Arctic Wolf says one in three IT assets lack controls

Arctic Wolf has released research showing that one in three IT assets are missing critical security controls or are misconfigured, based on analysis of more than 800,000 assets.

The report found that 33% of assets fall outside baseline security practices, creating gaps attackers can exploit. It also found that 18% are not covered by enterprise patch or configuration management, while 17% are not visible to traditional vulnerability management tools.

Another 10% of assets were missing endpoint security.

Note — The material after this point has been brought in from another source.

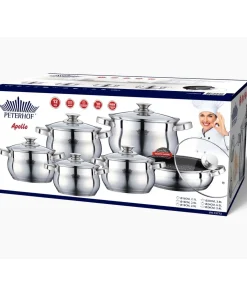 Cookware set made by Peterhof will be a perfect addition for each and every household. Set is made of non-corrosive stainless steel and consists of 5 saucepans of different sizes together with 1 deep fry pan for every occasion. Perfect for all types of cooking, set has a wide variety of uses. Suitable for all cooking sources: including induction stoves Non-heating ergonomic stainless steel handles 5-step capsule bottom assures even heat conduction Clear glass lid Easy to clean

A further 19% had reached end-of-life status and were running hardware or software that no longer receives vendor security updates.

The study points to a broad exposure problem across corporate technology estates, rather than a narrow issue affecting a small set of overlooked systems. Unsupported systems were concentrated in legacy servers, virtualised infrastructure, and shared end-user devices that organisations still rely on.

Control gaps

The data suggests many businesses still struggle with basic asset visibility and control coverage, even as they invest in newer security tools. In practice, that means some devices and systems are not patched, scanned, or monitored consistently across the environment.

Dan Schiappa, President, Technology and Services, Arctic Wolf, said the findings reflect a more fundamental security problem. "Many organisations are investing heavily in vulnerability discovery and advanced security technologies, but our findings show that real-world exposure is often driven by a more fundamental issue: unmanaged assets, incomplete control coverage, legacy systems and blind spots across the environment," he said.

"Organisations cannot protect, patch or prioritise what they cannot see, and attackers continue to take advantage of those gaps," Schiappa said.

Arctic Wolf also linked the findings to incident response trends identified in separate threat research. It said 65% of non-business email compromise incident response cases involved abuse of internet-facing remote access services such as RDP, VPN, and remote management tools.

Each of the ten most frequently exploited vulnerabilities had a patch available at the time of exploitation. That adds to longstanding industry concern that many successful intrusions stem from delays in applying available fixes or from systems outside standard management processes.

Attack patterns

Arctic Wolf said attacker behaviour is shifting as some organisations improve patching on internet-facing systems. Abuse of trusted relationships and misconfigurations rose from under 1% to 8% of non-business email compromise incident response cases, according to the report.

That suggests attackers may be turning to weaker points inside environments where visibility is incomplete or controls are applied inconsistently. The report argues that known weaknesses and configuration errors remain a common route into enterprise networks.

For technology and security teams, the figures underline the operational challenge of maintaining a current inventory of devices, software, and services across on-premise systems, cloud infrastructure, and user endpoints. Assets that are not properly recorded or enrolled in management tools can fall outside patching cycles and routine checks.

Steve Hunter, Director of Engineering, APAC, Arctic Wolf, said the issue has persisted despite years of industry attention. "One of the most surprising aspects of this report is that we're still seeing many of the same challenges security teams have been trying to solve for more than a decade," he said.

"Maintaining an accurate understanding of what exists across an environment sounds like a basic security requirement, but it remains incredibly difficult in modern organisations. At a time when AI is accelerating vulnerability discovery and organisations are managing increasingly complex environments, ensuring security controls are consistently applied across every asset is becoming even more critical," Hunter said.